- A new BMJ case report delves into the story of a 43-year-old man who started feeling incredibly ill after buying a feather duvet and pillows.
- He reported feeling fatigued, breathless, and sick for three months, and doctors initially misdiagnosed him with a respiratory tract infection.
- The man actually had hypersensitivity pneumonitis, a disease where the lungs become inflamed due to an allergic reaction. More specifically, he had “feather duvet lung,” a serious form of bird allergy that causes difficulty breathing.
When you invest in new bedding, it’s natural to assume it will only make your life better. But a new BMJ case report delves into the story of a 43-year-old man who started feeling incredibly sick after buying a feather duvet and pillows.
The man went to the doctor after feeling fatigued, breathless, and sick for three months, and was diagnosed with a respiratory tract infection. His symptoms improved for a bit, but then came back later that month. At that point, they got so bad that he needed to take two weeks off from work.
A month after he saw his doctor, the man’s breathlessness got even worse. His initial blood tests and chest X-ray seemed normal, but he was having trouble breathing just walking between rooms in his house. His doctor consulted a specialist, and took a closer look at certain aspects of his lifestyle. Among other things, the man was a non-smoker, he had a small amount of mold in his bathroom shower, owned a cat and dog, and had recently swapped out his bedding for a feather duvet and feather pillows.
But follow-up blood work found something interesting: The man was exposed to avian protein, which is found in birds—but he didn’t own any birds. His doctor did a little digging and diagnosed him with hypersensitivity pneumonitis, a disease where the lungs become inflamed due to an allergic reaction. More specifically, the man had feather duvet lung, a serious form of bird allergy that causes difficulty breathing that can worsen over time with a dry cough, weight loss, and fever.
Wait, is this kind of reaction common?
Hypersensitivity pneumonitis is incredibly rare, and it only happens in about two out of every 100,000 people, says Purvi Parikh, M.D., an allergist/immunologist with Allergy & Asthma Network. “It is not extremely common, but can be deadly if not addressed,” she says.

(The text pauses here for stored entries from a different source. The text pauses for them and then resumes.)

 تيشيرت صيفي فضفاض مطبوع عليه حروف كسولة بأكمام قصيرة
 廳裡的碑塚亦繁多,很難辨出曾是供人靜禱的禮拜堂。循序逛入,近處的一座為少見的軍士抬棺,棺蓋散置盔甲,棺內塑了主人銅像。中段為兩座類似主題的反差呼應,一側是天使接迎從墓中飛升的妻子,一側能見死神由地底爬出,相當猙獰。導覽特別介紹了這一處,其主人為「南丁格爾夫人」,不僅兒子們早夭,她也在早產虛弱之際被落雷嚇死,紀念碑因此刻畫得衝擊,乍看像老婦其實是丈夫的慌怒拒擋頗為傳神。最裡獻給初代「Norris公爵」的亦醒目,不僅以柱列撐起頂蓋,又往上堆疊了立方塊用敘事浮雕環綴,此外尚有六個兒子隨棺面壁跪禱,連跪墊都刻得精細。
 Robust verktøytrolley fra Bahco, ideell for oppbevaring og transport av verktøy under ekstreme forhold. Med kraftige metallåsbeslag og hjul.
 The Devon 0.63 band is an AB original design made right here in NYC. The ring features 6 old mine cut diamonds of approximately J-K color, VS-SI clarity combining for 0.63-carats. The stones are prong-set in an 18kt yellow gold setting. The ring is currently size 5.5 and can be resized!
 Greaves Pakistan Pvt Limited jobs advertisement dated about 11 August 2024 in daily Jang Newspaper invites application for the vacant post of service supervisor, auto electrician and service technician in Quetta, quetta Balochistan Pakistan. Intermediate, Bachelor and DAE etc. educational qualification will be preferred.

Still, it’s also common for people to have an allergy to something they don’t realize, Dr. Parikh says. “Usually allergies are under-diagnosed and many times both patients and physicians don’t realize they can present in various ways with varying severity,” she says.
People usually think of symptoms like coughing and trouble breathing with allergies, but they can also lead to feeling lightheaded and dizzy, like this man experienced. “The dizziness occurs from inadequate oxygenation to your brain,” Dr. Parikh explains.

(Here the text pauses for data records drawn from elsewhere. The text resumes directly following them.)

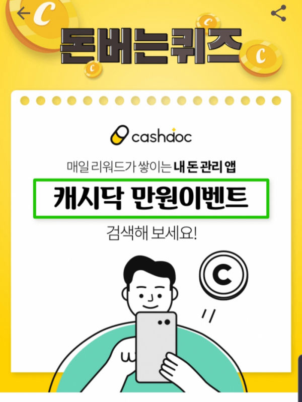 [제주교통복지신문=전희연 기자] '캐시닥 만원이벤트' 키워드가 포털사이트 급상승 검색어에 올랐다. '캐시닥 만원이벤트'와 관련 한 애플리케이션 퀴즈로 등장했기 때문이다.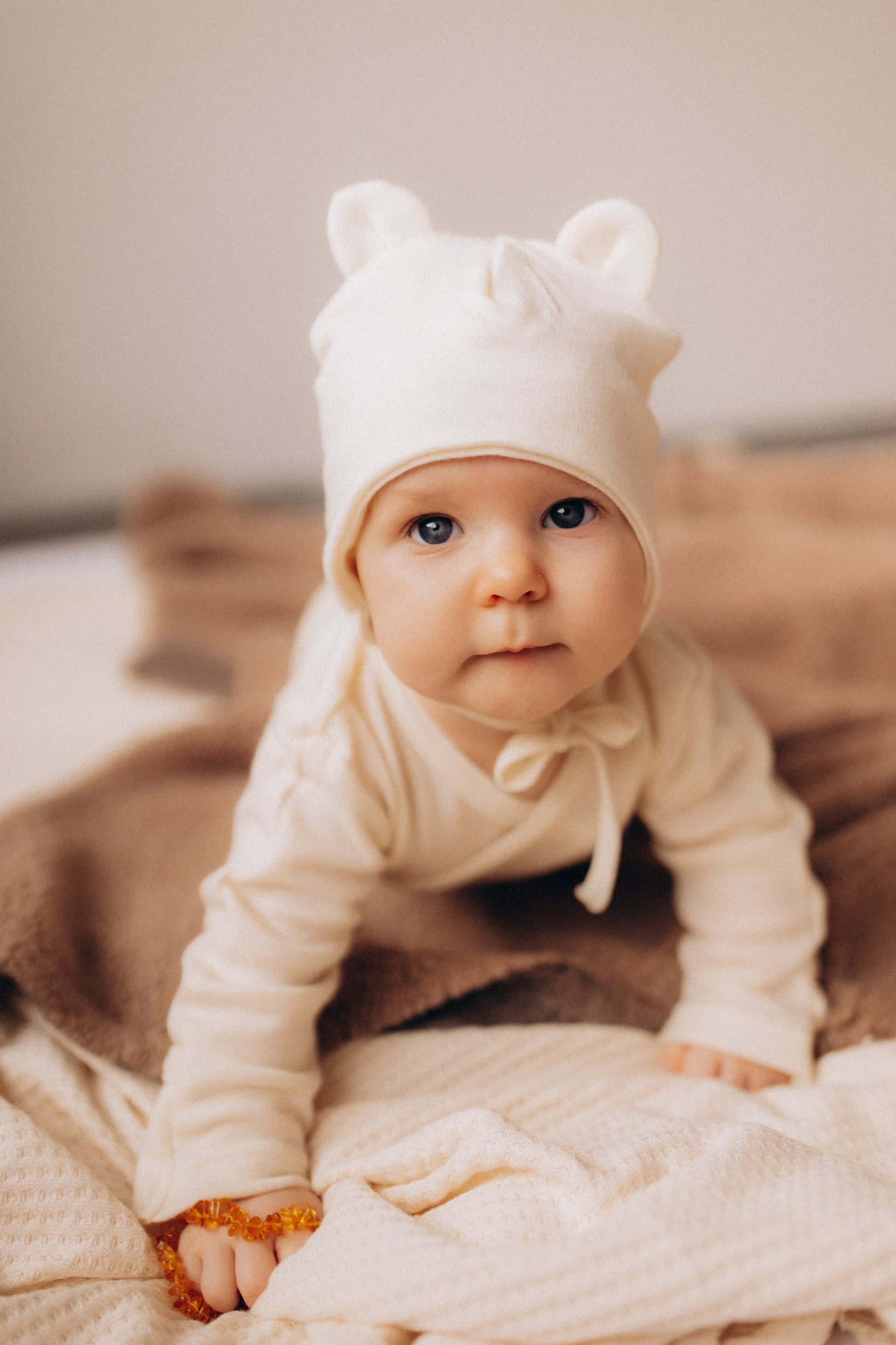 Cuffietta neonato orecchie orso écru cotone BIO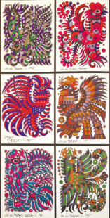 動(dòng)物系列繪畫,從扎實(shí)而靈動(dòng)的速寫與設(shè)計(jì)稿直至近似完美的正式作品,都蘊(yùn)含了畫家捕捉物象的執(zhí)著與機(jī)敏,提煉造型的睿智與不懈,有了心血與摯愛(ài)的投入,那成竹在胸別具一格的小貓小狗小豬小鵝小猴也就躍然紙上呼之欲出了。在長(zhǎng)方形的深色卡紙上,那銀色勾勒的活靈活現(xiàn)的百魚圖,讓我們沉醉于湛藍(lán)的海洋世界;在四方形的白色鏡框中,那七彩斑斕的百雞圖,讓我們迷戀于鄉(xiāng)間的濃郁風(fēng)情;還有鞠躬盡瘁一生奉獻(xiàn)膂力雄強(qiáng)的牛群系列,馳騁千里挾帶雄風(fēng)英姿勃勃的駿馬圖騰……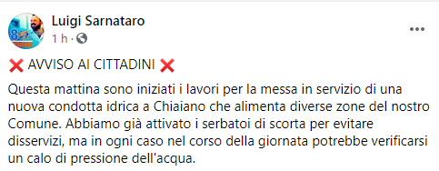 Questo il post pubblicato sulla sua pagina Facebook dal Sindaco di Mugnano Luigi Sarnataro: "Avviso ai cittadini. Questa mattina sono iniziati i lavori - si legge nel post - per la messa in servizio di una nuova condotta idrica a Chiaiano che alimenta diverse zone del nostro Comune. Abbiamo già attivato i serbatoi di scorta per evitare disservizi, ma in ogni caso nel corso della giornata potrebbe verificarsi un calo di pressione dell'acqua".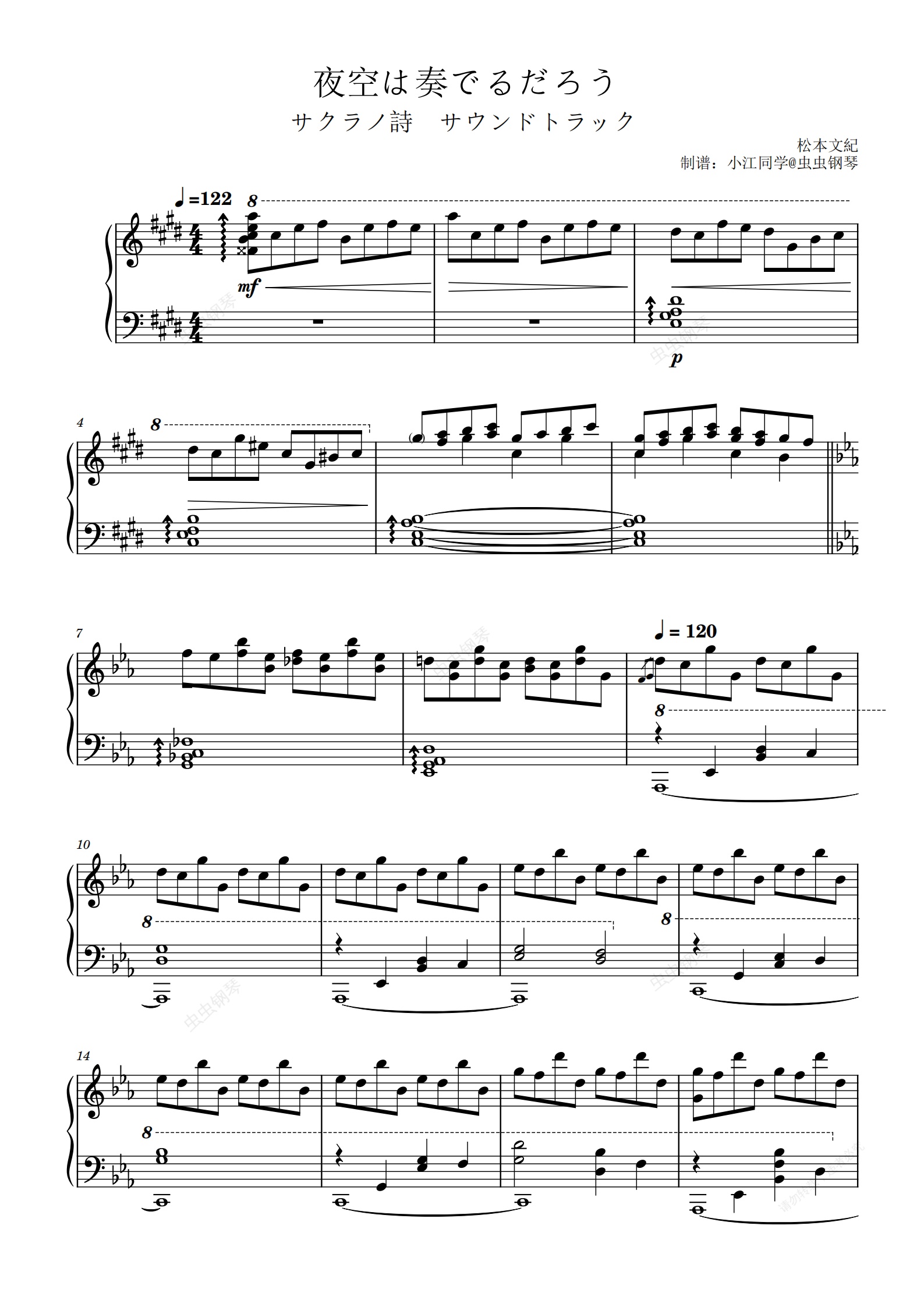 钢琴谱:夜空は奏でるだろう 松本文紀

If you’re dealing with breathlessness or a cough that won’t quit, Dr. Parikh says you should get it checked out ASAP—especially if you’re dealing with this for more than three to five days. “Cough is the most common sign of asthma or any lung condition,” she says. “If you have breathlessness, that means it has become even more serious.”
Getting deathly ill from your duvet is rare, but Dr. Parikh says it’s still a good idea to avoid feather or down comforters if you struggle with allergies, just to be safe.
As for the man in the case report? He swapped his feather duvet with hypoallergenic bedding and was treated with oral corticosteroids. His symptoms “improved rapidly” within the first month of his treatment (even before he started the medication) and he was “completely well” six months after his diagnosis. The patient also wrote in the case report that his condition “doesn’t affect me at all now and my life is pretty much as it was before.”